Data excerpt:
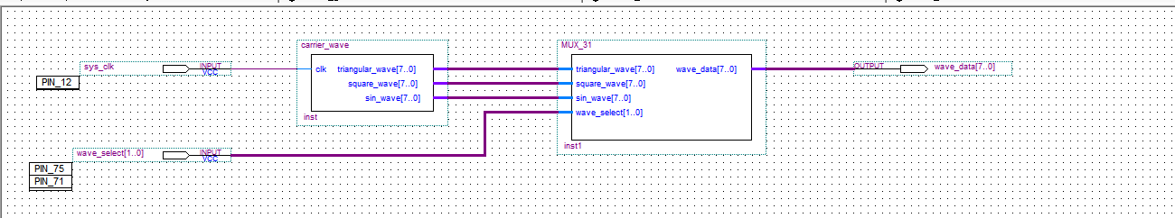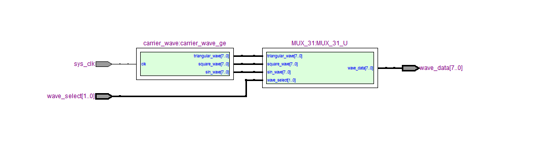 LIBRARY ieee; USE ieee.std_logic_1164.all; USE ieee.std_logic_unsigned.all; ENTITY wave_generation IS PORT ( sys_clk : IN STD_LOGIC;--输入时钟 wave_select : IN STD_LOGIC_VECTOR(1 DOWNTO 0);--波形选择 wave_data : OUT STD_LOGIC_VECTOR(7 DOWNTO 0)--波形输出 ); END wave_generation; ARCHITECTURE behaviour OF wave_generation IS --波形发生模块 COMPONENT carrier_wave IS PORT ( clk : IN STD_LOGIC; triangular_wave : OUT STD_LOGIC_VECTOR(7 DOWNTO 0); square_wave : OUT STD_LOGIC_VECTOR(7 DOWNTO 0); sin_wave : OUT STD_LOGIC_VECTOR(7 DOWNTO 0) ); END COMPONENT; --3选1模块,00输出0;01-方波;10-三角波;11-正弦波,wave_select控制3选1 COMPONENT MUX_31 IS PORT ( triangular_wave : IN STD_LOGIC_VECTOR(7 DOWNTO 0); square_wave : IN STD_LOGIC_VECTOR(7 DOWNTO 0); sin_wave : IN STD_LOGIC_VECTOR(7 DOWNTO 0); wave_select : IN STD_LOGIC_VECTOR(1 DOWNTO 0); wave_data : OUT STD_LOGIC_VECTOR(7 DOWNTO 0)--波形输出 ); END COMPONENT; SIGNAL triangular_wave : STD_LOGIC_VECTOR(7 DOWNTO 0); SIGNAL square_wave : STD_LOGIC_VECTOR(7 DOWNTO 0); SIGNAL sin_wave : STD_LOGIC_VECTOR(7 DOWNTO 0); BEGIN
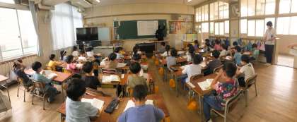 手をたたいてリズムをとりながら、楽しく音読をしています。
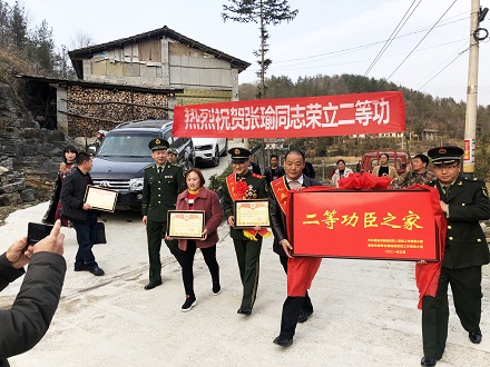 圖為軍地領(lǐng)導(dǎo)將立功喜報(bào)及牌匾送往立功官兵家中。張勇 攝
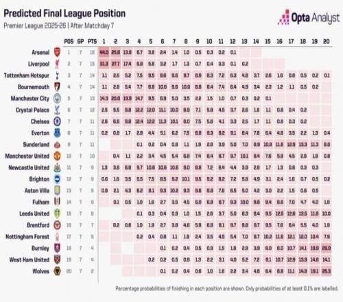 英超七轮过后,数据机构OPTA超级计算机预测本赛季英超冠军的

Problem description: Skipping any pictures, transcribe the full listing exactly.

Written response:
 LIBRARY ieee; USE ieee.std_logic_1164.all; USE ieee.std_logic_unsigned.all; ENTITY wave_generation IS PORT ( sys_clk : IN STD_LOGIC;--输入时钟 wave_select : IN STD_LOGIC_VECTOR(1 DOWNTO 0);--波形选择 wave_data : OUT STD_LOGIC_VECTOR(7 DOWNTO 0)--波形输出 ); END wave_generation; ARCHITECTURE behaviour OF wave_generation IS --波形发生模块 COMPONENT carrier_wave IS PORT ( clk : IN STD_LOGIC; triangular_wave : OUT STD_LOGIC_VECTOR(7 DOWNTO 0); square_wave : OUT STD_LOGIC_VECTOR(7 DOWNTO 0); sin_wave : OUT STD_LOGIC_VECTOR(7 DOWNTO 0) ); END COMPONENT; --3选1模块,00输出0;01-方波;10-三角波;11-正弦波,wave_select控制3选1 COMPONENT MUX_31 IS PORT ( triangular_wave : IN STD_LOGIC_VECTOR(7 DOWNTO 0); square_wave : IN STD_LOGIC_VECTOR(7 DOWNTO 0); sin_wave : IN STD_LOGIC_VECTOR(7 DOWNTO 0); wave_select : IN STD_LOGIC_VECTOR(1 DOWNTO 0); wave_data : OUT STD_LOGIC_VECTOR(7 DOWNTO 0)--波形输出 ); END COMPONENT; SIGNAL triangular_wave : STD_LOGIC_VECTOR(7 DOWNTO 0); SIGNAL square_wave : STD_LOGIC_VECTOR(7 DOWNTO 0); SIGNAL sin_wave : STD_LOGIC_VECTOR(7 DOWNTO 0); BEGIN
 手をたたいてリズムをとりながら、楽しく音読をしています。
 圖為軍地領(lǐng)導(dǎo)將立功喜報(bào)及牌匾送往立功官兵家中。張勇 攝
 英超七轮过后,数据机构OPTA超级计算机预测本赛季英超冠军的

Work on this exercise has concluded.